The photo above is my view as I paint. Not bad, right? So this morning, I took a moments break between art projects I was working on and stared out at these trees. And it occurred to me that there are uncountable varieties of foliage just right here in this one scene. They are all broadly the same thing (they are all plants). Most in this photo are more specifically similar in that they are trees (but several varieties). The trees do not make the shorter shrubs look ugly, and the shrubs seem quite comfortable growing alongside the trees without feeling insecure because they’re not as large. Pardon me please, I know I’m anthropomorphizing here, but it really hit me this morning: Diversity when living closely together is really beautiful. That’s at the heart of what makes nature so beautiful as opposed to a man-made garden. Beautiful, natural reality is incredibly diverse, and if what horticulturalists tell us is true, a diverse natural environment will be a healthier environment. If that is the key to real beauty as I suspect, it makes me wonder why we (why I) personally gravitate to people who are just like me. I find my tribe (of my own ethnicity, religion and culture) and then I “otherize” everyone else. Doing that seems so natural to us as human beings. But if there’s a lesson to be learned from nature; if the way nature “does it” applies to us humans too, then I suspect the more we maintain our differences but live our lives immeshed with people who do not look or talk or think like us, the closer results will look like real, natural beauty. But the more we huddle with people that are just like us, the closer we get to what is mundane, boring and even ugly.
“To the extent I mimic in my artwork what I see in front of me here as I paint, to that extent my artwork will be beautiful.”
Imagine a summer hillside panorama — mountains covered with trees. Got it? Okay, now imagine someone hands you a jumbo box of crayons to do a sketch, what color would you grab to depict the trees? Green? Really? Look again. To the left, those trees are in shadow and are almost black. Behind them, the sun is shining bright on something that looks almost yellow. Beside that is a bright green maple tree. As you look farther off in the distance, the more blue green the trees look and in the far off distance, the mountains look light blue gray (although they’re covered with the same green trees that are right in front of you). And everywhere, there are thousands and thousands of wildflowers and uncountable shrubs of various kinds. This is wilderness. And this is what actual, honest real beauty looks like: Awesome diversity of life, living closely together, maintaining their own individuality, all a part of the whole of exquisite beauty.
To the extent I mimic in my artwork what I see in front of me here as I paint, to that extent my artwork will be beautiful. So I notice the intricate differences in shades of color as it moves from left to right across the canvas, and grab different colors of paint to minutely adjust those colors. (As a side note, I never even use the same color blue in a sky — the color of the sky even on a crystal clear day, varies from left to right and top to bottom of what you see. To make my scene look “realistic”, I have to use a variety of colors even to paint something as simple as a blue sky.)
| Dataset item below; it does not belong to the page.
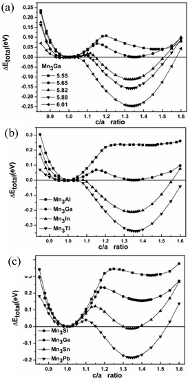 (a) Total energy as functions of c/a ratio for Mn3Ga alloy with different volume (V = 17.0 nm3, 18.0 nm3, 19.0 nm3, 20.0 nm3, 21.0 nm3, 22.0 nm3). (b) Total energy difference (per formula unit) relative to the cubic phase as a function of c/a for Mn3Z (Z = Al, Ga, In, Tl) and (c) for Mn3Z (Z = Ge, Sn, Pb) alloys.

I long to live in a world that is really beautiful. And looking out at nature, I really think God left some clues how to create a society that is really beautiful: Diversity of life, living closely together, maintaining their own individuality, all a part of the whole of exquisite beauty. That sounds so awesome. I can’t make anyone go along with me but if I myself can keep this lesson in front of me for a while and be shaped by it, I think I will be a better, happier (and beautiful??) person.